Portugueses admitem passar férias em território nacional e gastar menos que em 2020

Relativamente a questões financeiras, os portugueses estimam gastar 750 euros, uma descida de 160 euros face ao valor descrito no ano passado.

O verão aproxima-se e muitos portugueses já começaram a planear as suas férias, de modo a que o orçamento familiar consiga encaixar o valor que pretendem gastar.
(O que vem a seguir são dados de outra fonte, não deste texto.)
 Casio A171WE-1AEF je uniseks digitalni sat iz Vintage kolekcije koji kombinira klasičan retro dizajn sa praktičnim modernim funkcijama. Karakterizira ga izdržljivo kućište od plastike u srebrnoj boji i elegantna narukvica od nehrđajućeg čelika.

Um estudo do Observador Cetelem mostrou que 86% dos portugueses admite passar férias em território nacional durante o verão de 2021, diminuindo também o orçamento disponível face ao ano passado.
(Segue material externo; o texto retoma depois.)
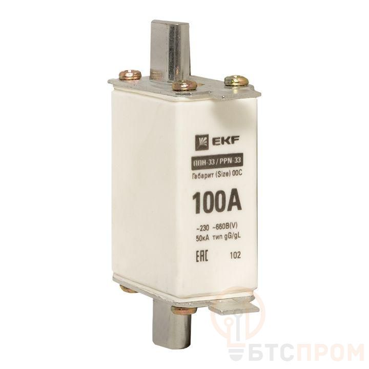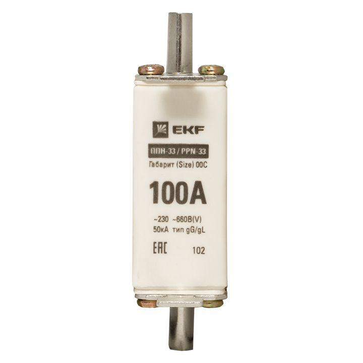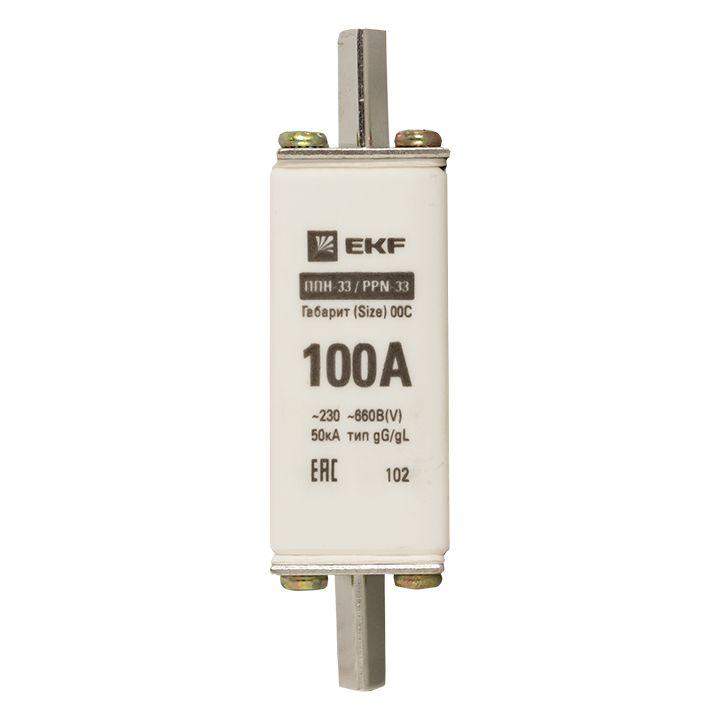 Плавкая вставка ППН-33 100/100А габарит 00С EKF. Предохранители плавкие ППН EKF, укомплектованные плавкими вставками типа gG/gL, предназначаются для защиты кабельных линий и промышленных электроустановок от токов перегрузки и короткого замыкания. Предохранители применяются в электрических сетях переменного тока частотой 50 Гц с напряжением до 660В. Применяются для крепления в распределительных и вводно-распределительных устройствах. Предохранители плавкие ППН могут устанавливаться в основание с держателем, а также в специально предназначенные рубильники. В комплект поставки предохранителей плавких ППН основание с держателем не входит и приобретается отдельно.

O estudo indica que apesar da maioria dos cidadãos inquiridos passar férias em Portugal, aumentou o número de pessoas que tenciona passar férias no estrangeiro, com 6% a dizer que planeiam ir para o estrangeiro face ao 1% que respondeu afirmativamente em 2020. Mais de metade dos inquiridos pelo estudo (53%) assume planear férias fora da sua residência principal.

Relativamente a questões financeiras, os portugueses estimam gastar 750 euros, uma descida de 160 euros face ao valor descrito no ano passado. O Observador Cetelem aponta que os homens pretendem gastar mais do que as mulheres, com 829 euros contra 687 euros, com a faixa etária dos 45 aos 54 anos disposta a gastar uma média de 845 euros. Por sua vez, a faixa etária dos 65 aos 74 anos são os que pretendem gastar menos, numa média de 519 euros.
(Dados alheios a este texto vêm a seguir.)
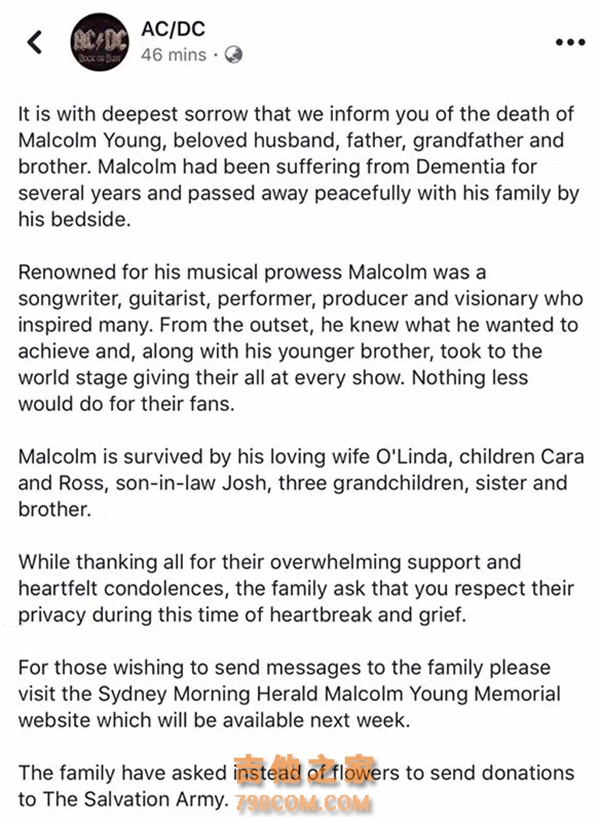 来自澳大利亚的硬摇滚乐队AC/DC前吉他手、乐队创立者之一的Malcolm Young今日去世,他的家人称,他在这周六安详去世,终年64岁。

Para pagar as despesas, 31% dos portugueses inquiridos admitem usar o cartão de crédito, um aumento de 5 pontos percentuais em comparação com o ano passado.

Os portugueses têm tido ainda um comportamento diferente do ano passado no que toca ao processo de marcação destas férias estando a recorrer mais a agências de viagens e arrendamento de casas, com 31% em 2021 face aos 11% em 2020, e aos hotéis, com 12% no presente ano em relação aos 2% no ano passado.

Assim, os hotéis começam a recuperar a preferência dos portugueses nas férias, sendo que um em cada quatro assegura já ter marcado hotel. Ainda assim, a maioria continua a preferir ficar hospedada numa casa, seja ela de familiares/amigos (30%), uma residência secundária (23%) ou uma casa alugada (18%). Destaque ainda para o turismo rural (6% contra 7% em 2020), que mantém a intenção positiva que ganhou com a pandemia.